What you are asked to do:
Your copy must start with the line containing "将泡好的枸杞子,放入锅中,枸杞子可以增加粥的营养。" and end with the last line of the entries, matching them exactly and leaving out every picture.

═════ Supplied material

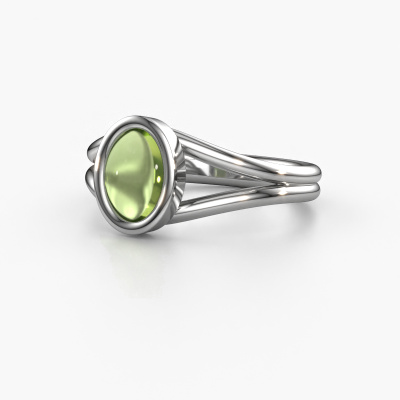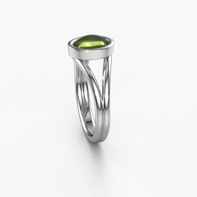In this photo the platinum Lieselotte ring is set with a cabochon peridot. Cabochon means a peridot is shaped first, not faceted, into a specific shape, such as a drop, heart or oval cabochon. Subsequently, it is polished until the gemstone has a orb shaped surface. A cabochon gemstone is a stunning, classy eye-catcher that matches perfectly with a contemporary as well as a vintage style. Our expert goldsmiths shape the charming ring to perfection which makes it unique. The cabochon peridot is set so its unique qualities are strengthened. How do you like this fantasy platinum ring? Simply customize this Lieselotte ring, using our online tool. Subsequently, your personal charming Lieselotte ring will be made by hand by our goldsmiths. Precious metals and gemstones can be customized to your liking. Do you have specific preferences which are unavailable in our online tool? Please feel free to contact us. We will customize your personal fantasy ring to your liking.After receiving your order, our goldsmiths will passionately start the creative process of making your ring in our own studio. Because we don't have a big stockpile, these costs will not be passed on to you. Our pricing is proof of that! We offer top quality jewels at lowest price, guaranteed.To make it easier for you, we offer a 30 day return policy. Check our terms and conditions.
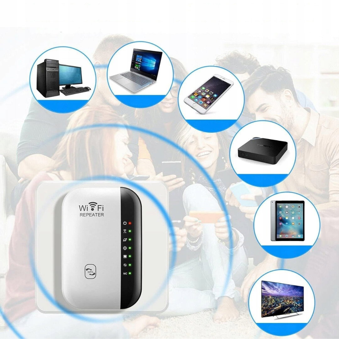 - Universal Compatibility: wzmacniacz Wi-Fi jest kompatybilny z 802.11b/g/n/a/ac, działa z każdą siecią bezprzewodową, routerem i urządzeniami Wi-Fi, co oznacza, że współpracuje z każdym standardowym routerem lub bramką.
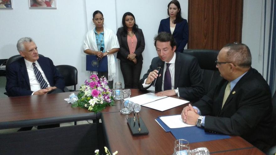 En ceremonia de firma del convenio estuvieron presentes la viceministra del Mides, Zulema Sucre, el licenciado Stanley Motta y las asesoras del proyecto, Ana Lucrecia Tovar y Patricia Planells.
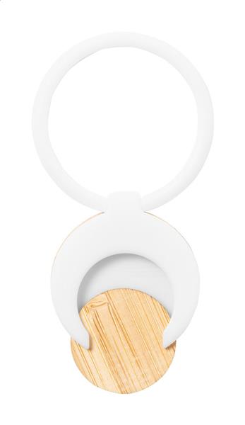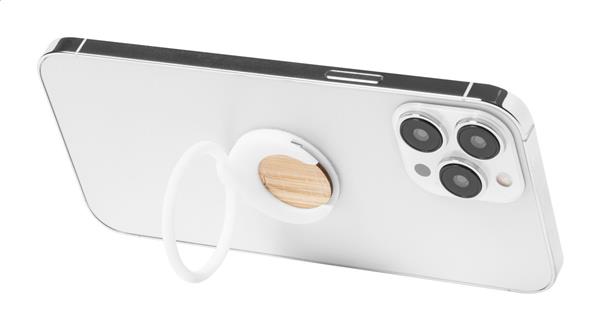 Okrągły uchwyt na telefon z tworzywa ABS z samoprzylepną podstawą i bambusowym żetonem do wózka na zakupy.
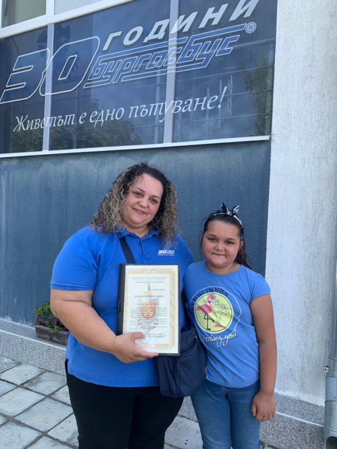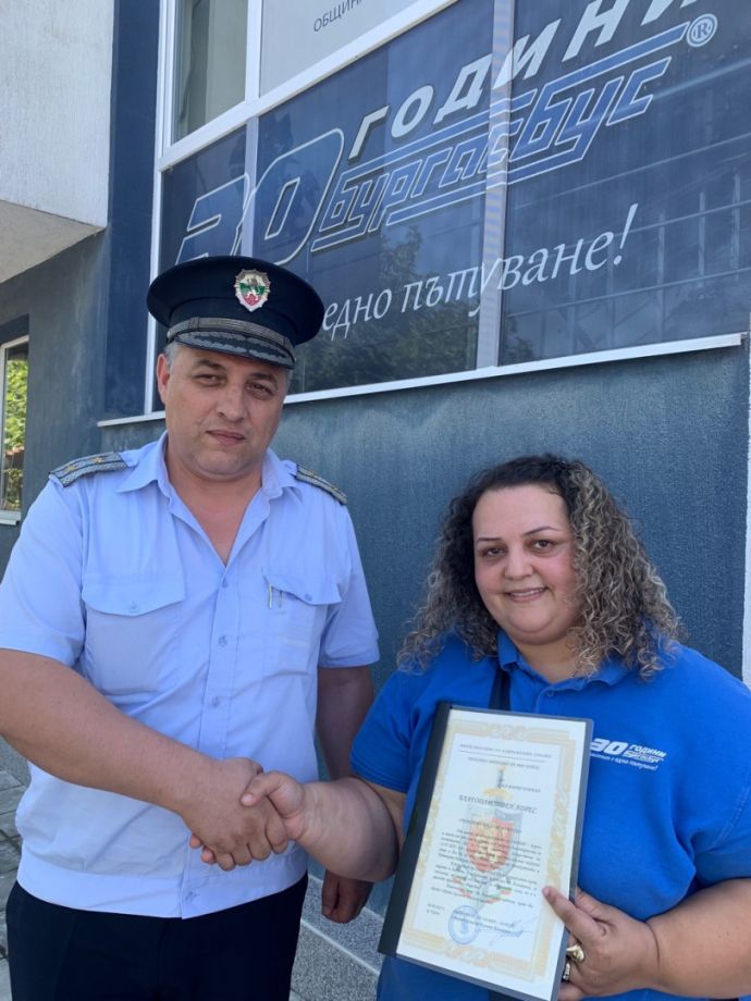 За благородната си постъпка Мария Добрева получи от ОДМВР - Бургас благодарствен адрес, връчен й от временно изпълняващия длъжността началник отдел „Охранителна полиция и КАТ” старши инспектор Павел Колев. На жената бе връчено и парично поощрение от общинската фирма-превозвач „Бургас бус” с управител инж. Петко Драгнев и синдикалната организация на служителите във фирмата. По време на тържествената церемония, състояла се във фирма „Бургасбус”, Мария бе придружена от съпруга си – шофьор в общинската фирма превозвач от три години и третата си дъщеря – 8 годишната Михаела, която с възхищение и радост слушаше похвалите към 34-годишната й майка.
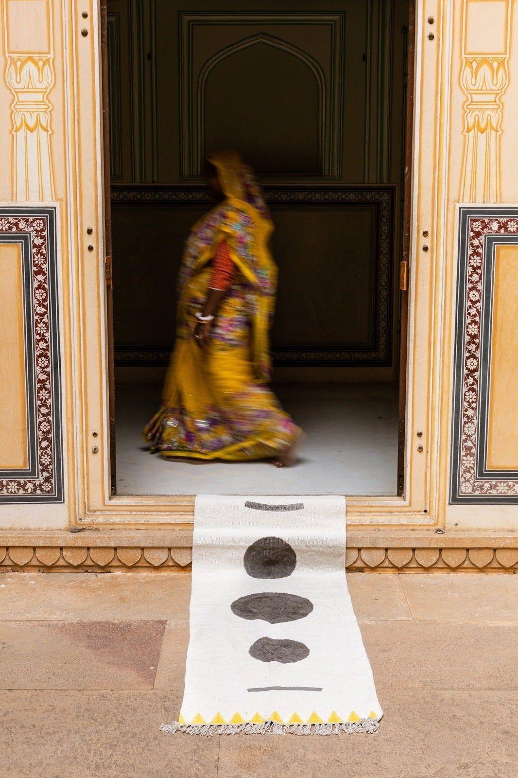 Each rug is handmade, requiring attention from 4 different types of artisans, including wood carvers, block printers, weavers, and dye specialists.
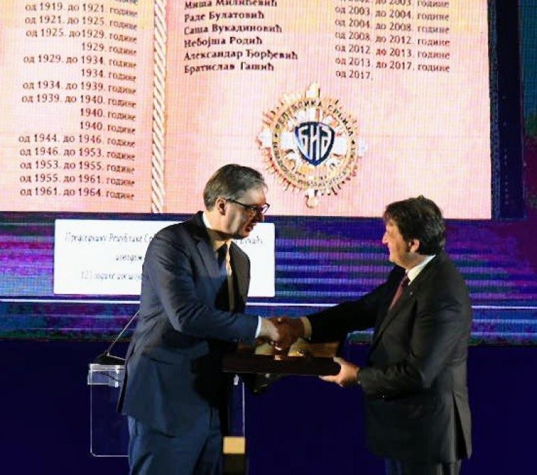 Директор БИА Братислав Гашић је потом председнику уручио посебну јубиларну плакету са именима свих руководилаца српске безбедносне службе од њеног оснивања 1869. године до данас.
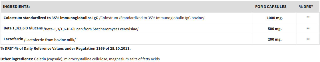 Ingredients: Colostrum (35% IgG), Beta 1,3/1,6 D Glucans, Lactoferrin
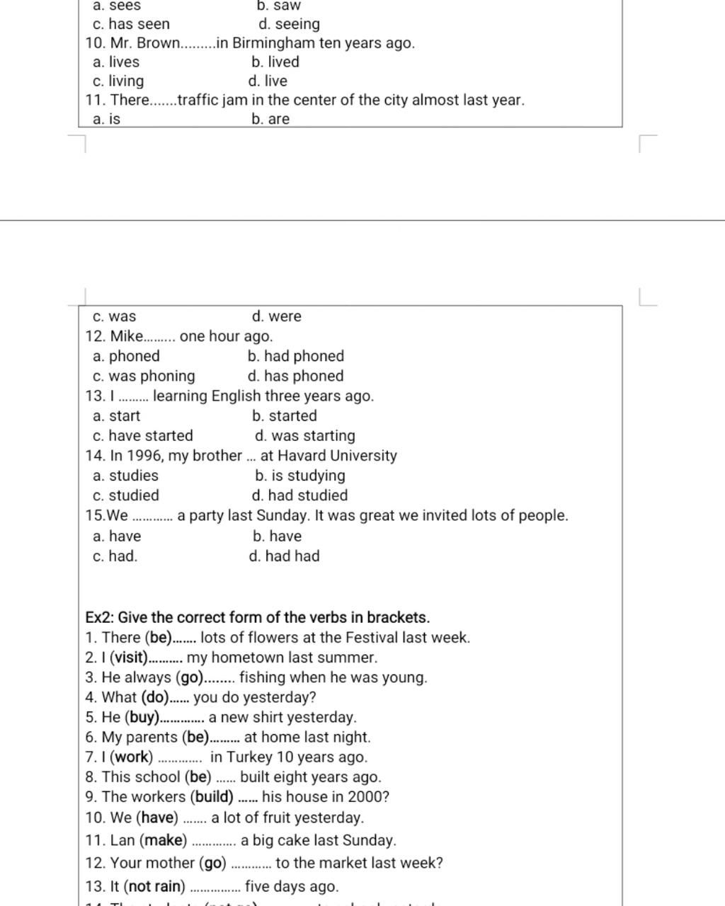 `⇒` Do traffic jam là DT không đếm được `→` Dùng was
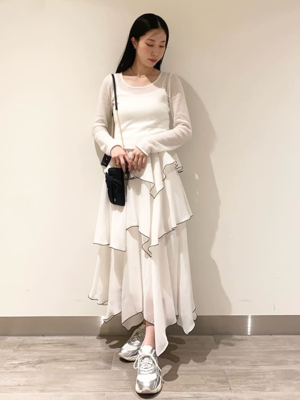 SNIDEL(SNIDEL)のワンピース「シアーイレヘムニットコンビワンピース」を使ったコーディネート
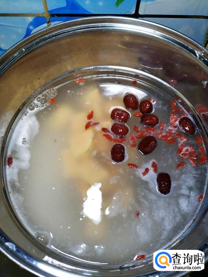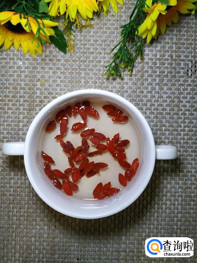 将泡好的枸杞子,放入锅中,枸杞子可以增加粥的营养。
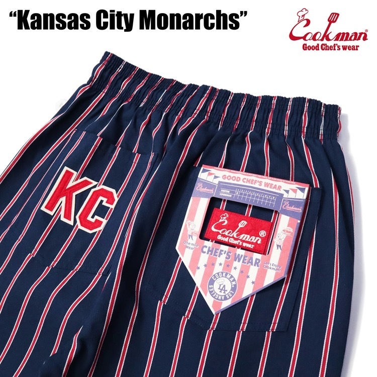 - Lサイズ Kansas City Monarchs クックマン シェフパンツ 紺 ストライプ COOKMAN Ballpark Collection Chef Pants

══════════

Expected answer:
 将泡好的枸杞子,放入锅中,枸杞子可以增加粥的营养。
 - Lサイズ Kansas City Monarchs クックマン シェフパンツ 紺 ストライプ COOKMAN Ballpark Collection Chef Pants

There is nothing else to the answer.